Two suicide bombings in March killed 48 people in central Somalia, while an attack on an AU base earlier this month killed 10 Burundian peacekeepers. The attack was the deadliest raid on AU forces in the country since 2015.
The United Nations has meanwhile warned of a humanitarian catastrophe unless early action is taken, with emergency workers fearing a repeat of the devastating 2011 famine, which killed 260,000 people – half of them children below the age of six.
Mohamud will also need to repair the damage caused by months of political chaos and infighting, both at the executive level and between the central government and state authorities.
“It’s really been a lost year for Somalia,” said Omar Mahmood, an analyst at the International Crisis Group (ICG) think-tank.
“This long-awaited election has been divisive. Reconciliation is the most immediate challenge,” Mahmood told the AFP news agency.
‘Lesser of two evils’
Though just holding Sunday’s election was a success of sorts, many Somalis were sceptical of any real improvement.
Most of the 36 candidates were old faces recycled from the past who had done little to stem war and corruption, they complained. Votes are anyway influenced more by money changing hands than political platforms, Somalis and analysts say.
“Hassan Sheikh is not good but he is the lesser of the two evils. We hope Somalia will be better,” said Halima Nur, a mother of four in Mogadishu.
“We hope this time Hassan Sheikh Mohamud will improve and become a better leader. We hope Somalia will be peaceful, though this may take time,” said student Mohamed Ismail.
Somalia has not held a one-person, one-vote election in 50 years. Instead, polls follow a complex indirect model, whereby state legislatures and clan delegates pick lawmakers for the national parliament, who in turn choose the president. The third round of voting was decided by 328 legislators, and a simple majority was enough to choose a winner.
Analysts had predicted that Mohamed, the former president, would face an uphill battle to be elected amid widespread criticism from Somalis and foreign donors for trying to extend his tenure last year.
Somalia’s international partners had repeatedly warned that the election delays – caused by political infighting – were a dangerous distraction from the fight against al-Shabab fighters who have been trying to overthrow the government for more than a decade.

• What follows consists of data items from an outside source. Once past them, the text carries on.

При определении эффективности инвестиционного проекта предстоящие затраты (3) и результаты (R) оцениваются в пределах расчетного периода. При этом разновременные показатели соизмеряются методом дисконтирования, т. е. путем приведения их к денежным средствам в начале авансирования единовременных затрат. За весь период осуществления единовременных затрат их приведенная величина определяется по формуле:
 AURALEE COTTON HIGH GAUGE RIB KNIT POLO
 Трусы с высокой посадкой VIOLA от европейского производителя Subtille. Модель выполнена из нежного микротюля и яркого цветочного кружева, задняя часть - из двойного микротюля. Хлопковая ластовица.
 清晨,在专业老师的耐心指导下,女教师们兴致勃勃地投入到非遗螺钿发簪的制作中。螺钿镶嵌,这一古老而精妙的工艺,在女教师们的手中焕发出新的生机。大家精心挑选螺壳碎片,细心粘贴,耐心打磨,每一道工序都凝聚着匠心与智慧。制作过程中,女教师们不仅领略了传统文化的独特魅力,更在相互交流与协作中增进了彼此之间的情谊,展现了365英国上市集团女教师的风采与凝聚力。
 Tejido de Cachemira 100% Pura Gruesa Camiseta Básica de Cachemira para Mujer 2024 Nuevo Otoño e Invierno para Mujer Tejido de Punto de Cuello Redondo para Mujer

Mohamed, who rose to power in 2017 as a symbol of a Somali diaspora eager to see the country prosper after years of turmoil, leaves behind a country even more volatile than before he took over, and with rising al-Shabab attacks.

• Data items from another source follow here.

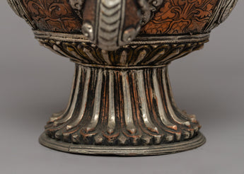 This Tibetan teapot is both a functional and decorative piece. Its intricate silver-plated surface contrasts beautifully with the natural copper, making it a valuable addition to any traditional Tibetan or spiritual artifact collection. Whether used for practical tea ceremonies or as a stunning centerpiece, this teapot combines tradition, beauty, and utility. It is an excellent combination of spiritual and artistic elements, ideal for those looking to incorporate a piece of Tibetan heritage into their home or rituals.
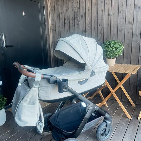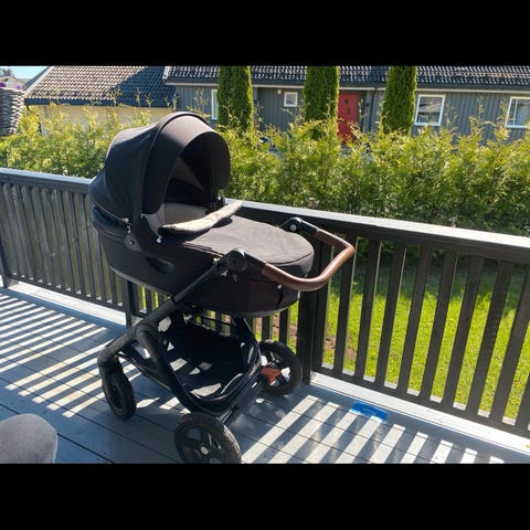 Pent brukt Stokke Trailz med mye bruk igjen. Komplett med ligge- og sittedel som kan vendes. God å trille og kommer frem overalt, overlegen både i litt terreng og i snø. Forhjulene er svingbare og kan låses i posisjon. Det er nylig skiftet slanger og dekk på begge bakhjul. Den ene hjulkapselen bak er borte, men har ingenting å si for funksjon (se bilde) og oppbevaringen under med noe synlig slitasje.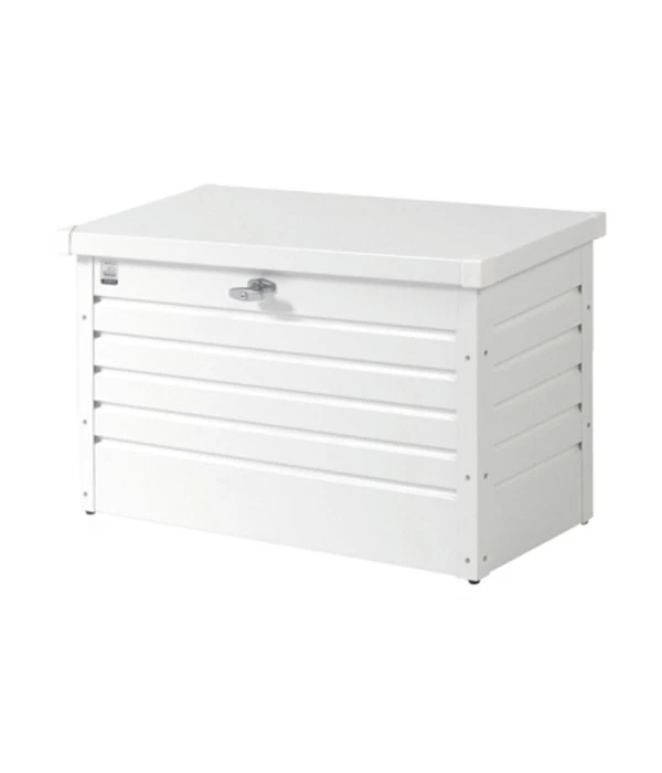 Eine hervorragende Verarbeitung mit dem feuerverzinkten und polyamideinbrennlackierten Stahlblech stellt sicher, dass die Freizeitbox 100 von Biohort lange haltbar ist. Der Markenhersteller Biohort gewährleistet eine Garantie von 20 Jahren auf das aus qualitativen Materialien gearbeitete Produkt. Ihre Biohort Freizeitbox 100 kann mithilfe einer Foto-Aufbauanleitung simpel zusammengebaut werden. Edelstahlschrauben und -scharniere sind korrosionsfrei und unterstreichen das wertige Aussehen Ihrer Gartenbox. Vier Füße, die am Boden der Truhe montiert werden, sorgen für den entsprechenden Abstand zum Untergrund und eine ansprechende Optik. Die großzügigen Innenmaße der Box ermöglichen viel Stauraum, (Raumvolumen 195 Liter) dennoch lässt sie sich platzsparend im geschützten Außenbereich, im Keller oder auf dem Dachboden aufstellen.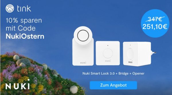- Nuki Smart Lock 3.0 + Bridge + Opener – 251,10€ statt 347,00€

In his concession speech, Mohamed said his successor faced a “huge task” and pledged solidarity with him.
“Let us pray for the new president, it is a very tedious task,” he said. “We will be in solidarity with him.”
Somalia has endured conflict and clan battles with no strong central government since the fall of Mohamed Siad Barre in 1991. The government has little control beyond the capital and the AU contingent guards an Iraq-style “Green Zone”.